Outcome: The amount of time and effort lost on fixing this have put the business out of focus for 3 months. That ultimately led to losing an important customer due to their failure to implement the requested improvements on time. So the takeaway for me was that infrastructure mistakes can have far-reaching consequences beyond just financial costs, as they can also be disrupting the executives and developers and divert attention from critical moments when they should be concentrating on the product.
So what to do to avoid this in future?
There are many advises and best practices, but here are some very important ones that could be easily taken care now.
- Never host any resources in your AWS root account, always divide your AWS accounts to Management, Dev, Prod, Sandbox, etc
- Configure secure access. Have an SSO for providing access to your cloud accounts, and avoid using username/password authentication.
- Don’t rely on credits, that’s a trap! Credits are going to over one day and better to be ready to it. So you would really want to monitor your costs right away with easy to setup tooling. Cloudchipr can help here and I can personally help you to setup the right guardrails for free.
- Automatically enforce tagging best practices. Here is a Tagging Best Practices doc by AWS which describes some of the approaches. You should have something similar in your company wiki and again you should use an easy to integrate tool which will at least drop you a slack message when someone creates a resources without the mandatory tags.
- Make sure that every resource is tagged by its owner. If an employee leaves the company, make sure that there is someone who takes over from them all the cloud resources.
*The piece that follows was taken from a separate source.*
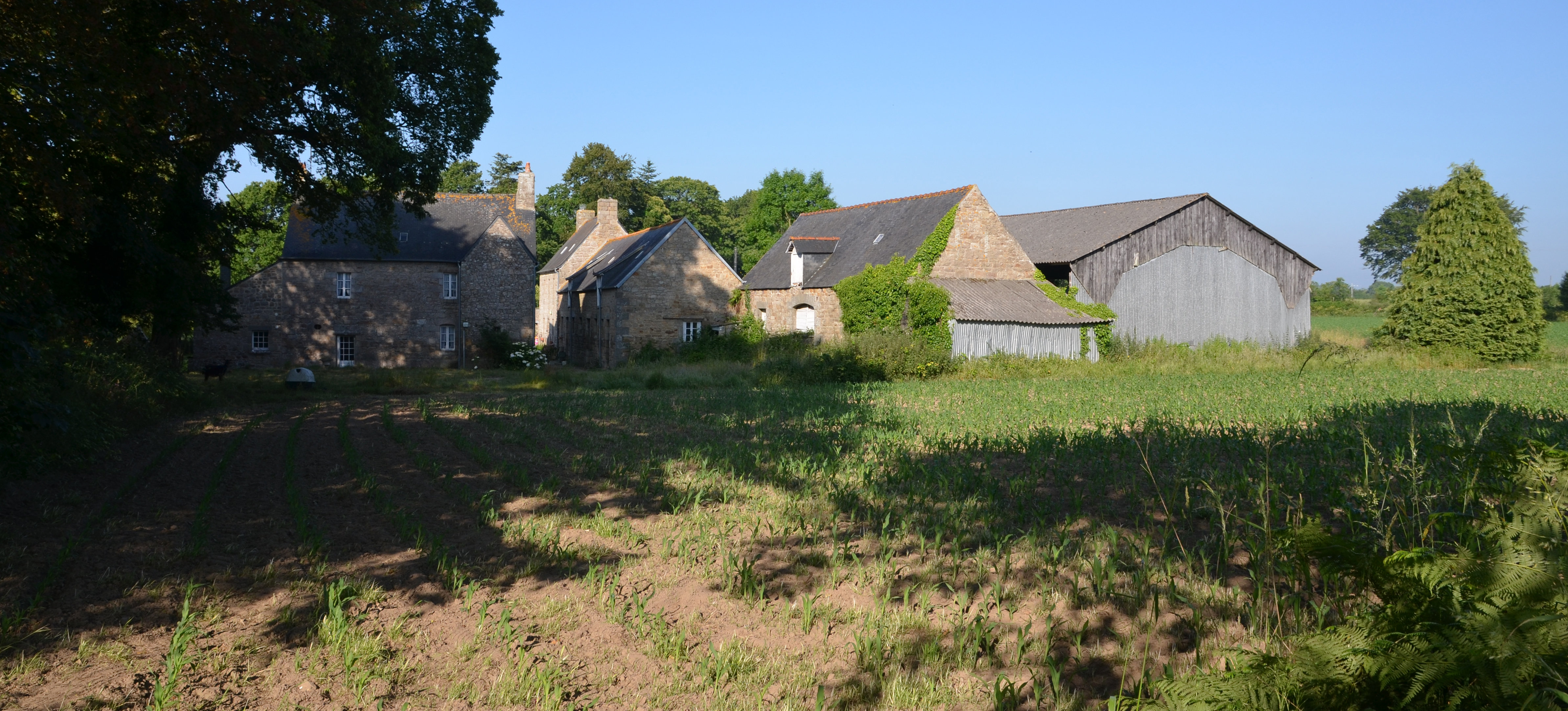 Ploubezre, Convenant Le Lamer : ensemble bâti ancien composé de deux logis de feme, vue générale depuis l'estImmatriculation
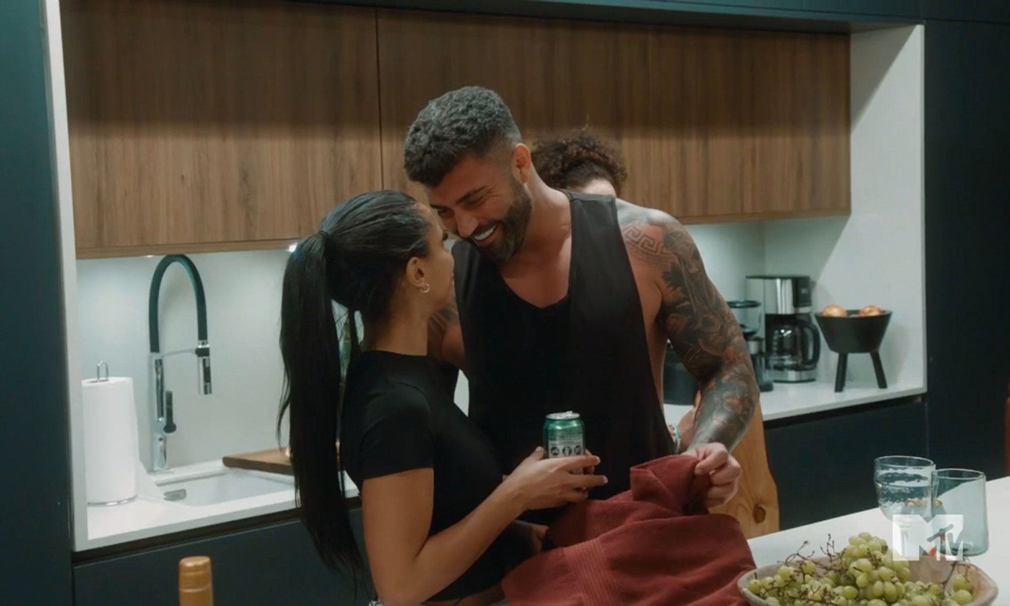 Izzy claims to be an athlete, a hockey player, and a trainer — she even did a few puzzles to prepare for The Challenge. She’s from Too Hot to Handle and Perfect Match, and she might not be fully detached from the dating world. She quickly catches Rogan’s attention — so he “polidicks” with her by making out in the kitchen.

Have an automation workflow which will notify you when there are resources left by the former employees.
- Don’t use spot instances unless you completely don’t care if the resource will go down anytime. Keep in mind that spot instances can be time consuming to manage, so you better save time for your engineers rather than money on the cloud during your growth stage. So it’s worth using spot when you really don’t loose any second when the resource goes down, otherwise better to use a right size of an on demand resource.
- Do serverless (Kubernetes) as much as it’s possible. Sometimes engineers debate that Kubernetes is an overkill, however it simplifies a lot and keeps your stack pretty standard. Standard stack has a lot of cost and time benefits. For example it’s easier to find a talent with the right expertise when you have standard stack in your job posting requirements.
- Be Multi-cloud and have a Cloud Agnostic architecture. Don’t bind your application architecture to any of the clouds. In this way you’ll always have more flexibility when it comes to scale and grow.